This work addresses the challenge of deriving generalization bounds for data-dependent hypothesis sets. We rigorously extend the PAC-Bayesian framework to the setting of random hypothesis sets, establishing a unified and tight data-dependent generalization upper bound. Methodologically, we integrate stochastic set modeling, fractal dimension theory, and Langevin dynamics analysis to provide computationally tractable theoretical guarantees for training algorithms that produce dynamic hypothesis sets—such as SGD variants and noise-injected optimizers. Our key contributions are: (1) unifying and improving fractal-dimension-based generalization bounds; (2) deriving, for the first time, uniform generalization bounds for Langevin dynamics trajectories; and (3) empirically validating the tightness and practicality of our bounds on canonical scenarios involving fractal dimension and noisy optimization. This work establishes a novel paradigm for generalization analysis of data-dependent, non-fixed hypothesis sets.

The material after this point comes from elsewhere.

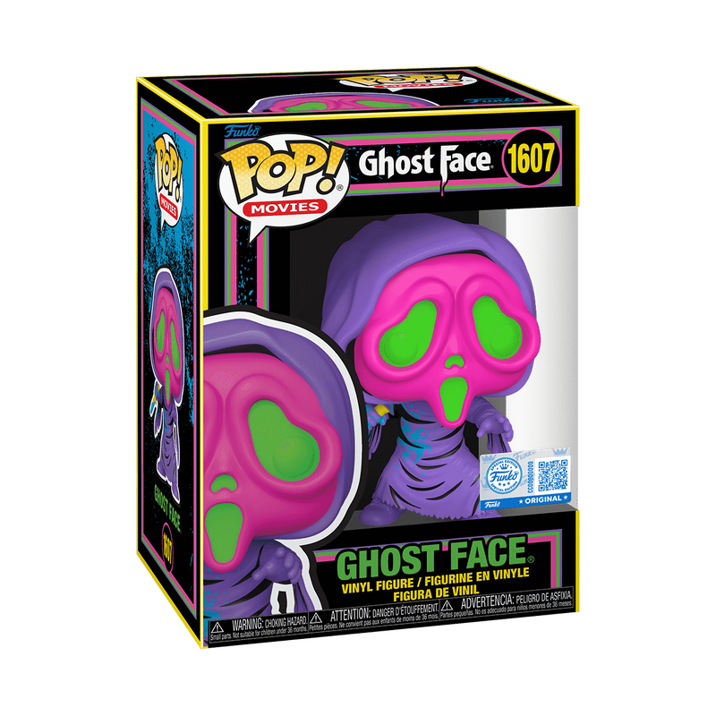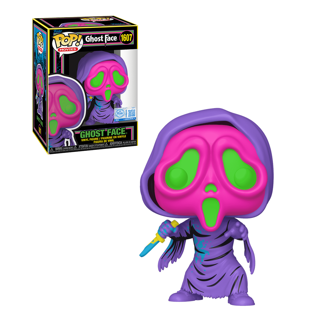 Com a faca em mãos e o manto estilizado em tons brilhantes, este POP! traz um estilo totalmente diferente do Ghost Face tradicional, combinando terror com estética retrô. Uma peça obrigatória para fãs de Scream, colecionadores de Black Light e quem ama versões exclusivas e chamativas.

We propose data-dependent uniform generalization bounds by approaching the problem from a PAC-Bayesian perspective. We first apply the PAC-Bayesian framework on"random sets"in a rigorous way, where the training algorithm is assumed to output a data-dependent hypothesis set after observing the training data. This approach allows us to prove data-dependent bounds, which can be applicable in numerous contexts. To highlight the power of our approach, we consider two main applications. First, we propose a PAC-Bayesian formulation of the recently developed fractal-dimension-based generalization bounds. The derived results are shown to be tighter and they unify the existing results around one simple proof technique. Second, we prove uniform bounds over the trajectories of continuous Langevin dynamics and stochastic gradient Langevin dynamics. These results provide novel information about the generalization properties of noisy algorithms.